__WORK INSTRUCTION__:
From the records below, print only the part that opens with the line containing "SE07-05-02d Overlooking the" and closes with the line containing "Director Guillermo del"; omit the pictures.

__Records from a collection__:

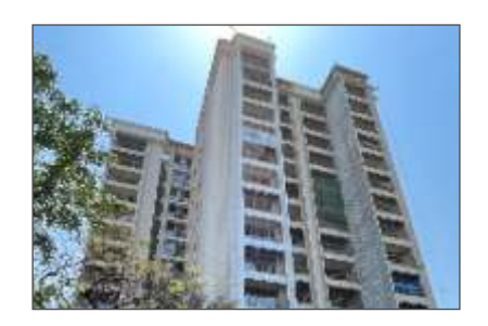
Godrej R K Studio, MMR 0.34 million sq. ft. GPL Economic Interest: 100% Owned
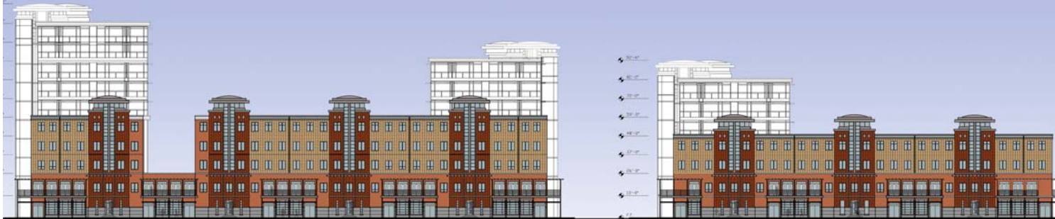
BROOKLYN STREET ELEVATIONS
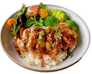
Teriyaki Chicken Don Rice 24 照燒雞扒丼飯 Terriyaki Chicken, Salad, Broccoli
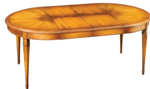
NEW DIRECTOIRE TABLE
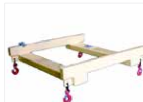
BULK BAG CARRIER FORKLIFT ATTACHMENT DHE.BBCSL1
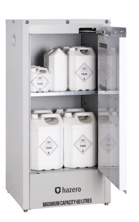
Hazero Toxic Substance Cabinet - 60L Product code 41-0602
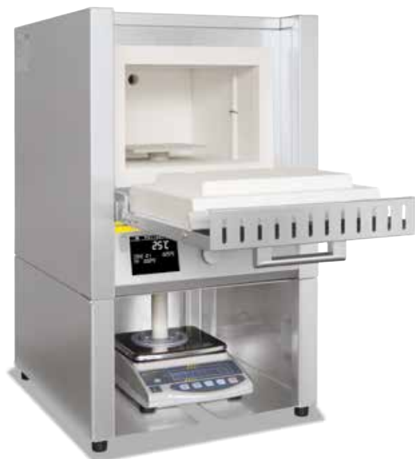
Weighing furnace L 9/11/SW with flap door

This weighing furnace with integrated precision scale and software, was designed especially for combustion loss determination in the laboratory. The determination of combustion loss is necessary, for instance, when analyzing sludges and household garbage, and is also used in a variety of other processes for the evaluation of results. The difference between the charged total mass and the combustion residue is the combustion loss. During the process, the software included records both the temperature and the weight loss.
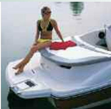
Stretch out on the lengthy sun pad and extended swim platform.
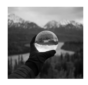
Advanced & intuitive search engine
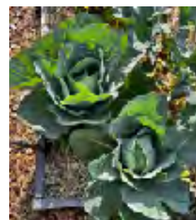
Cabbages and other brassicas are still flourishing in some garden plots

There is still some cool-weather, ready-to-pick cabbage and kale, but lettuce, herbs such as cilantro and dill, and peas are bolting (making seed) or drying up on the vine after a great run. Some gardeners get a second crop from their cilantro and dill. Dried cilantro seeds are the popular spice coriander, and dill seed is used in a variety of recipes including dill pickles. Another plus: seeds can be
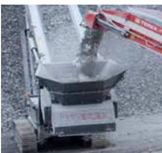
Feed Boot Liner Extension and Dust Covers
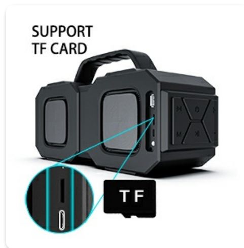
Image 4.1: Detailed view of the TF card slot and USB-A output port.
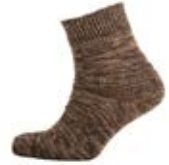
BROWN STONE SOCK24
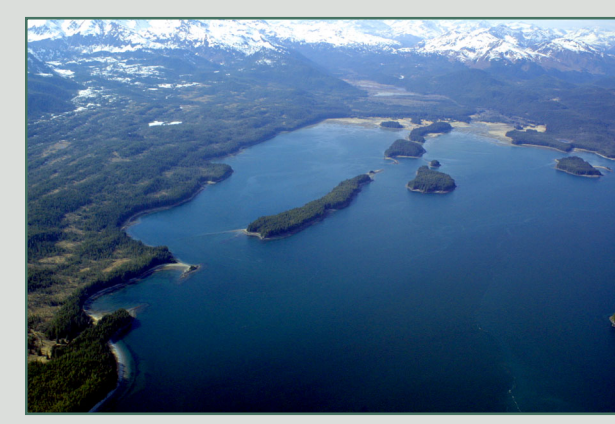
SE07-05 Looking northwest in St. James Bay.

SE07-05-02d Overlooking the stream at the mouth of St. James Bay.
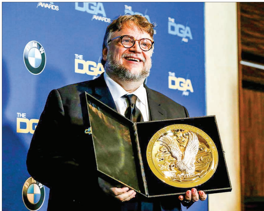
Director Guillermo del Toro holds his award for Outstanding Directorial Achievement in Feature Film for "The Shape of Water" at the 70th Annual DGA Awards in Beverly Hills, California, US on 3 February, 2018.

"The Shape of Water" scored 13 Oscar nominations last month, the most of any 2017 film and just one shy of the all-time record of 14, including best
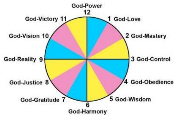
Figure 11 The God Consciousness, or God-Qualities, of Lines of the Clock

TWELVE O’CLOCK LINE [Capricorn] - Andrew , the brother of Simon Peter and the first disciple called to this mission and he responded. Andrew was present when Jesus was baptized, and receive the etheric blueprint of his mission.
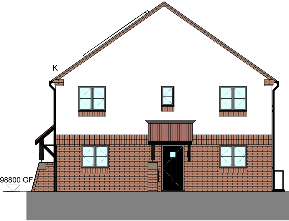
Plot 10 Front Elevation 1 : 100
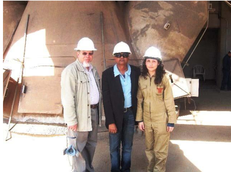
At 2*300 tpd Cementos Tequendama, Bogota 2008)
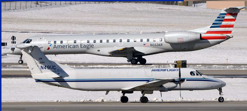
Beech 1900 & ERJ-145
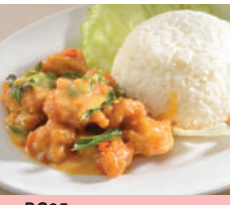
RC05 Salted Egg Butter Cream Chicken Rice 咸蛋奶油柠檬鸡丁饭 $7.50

__RESULT__:
SE07-05-02d Overlooking the stream at the mouth of St. James Bay.
Director Guillermo del Toro holds his award for Outstanding Directorial Achievement in Feature Film for "The Shape of Water" at the 70th Annual DGA Awards in Beverly Hills, California, US on 3 February, 2018.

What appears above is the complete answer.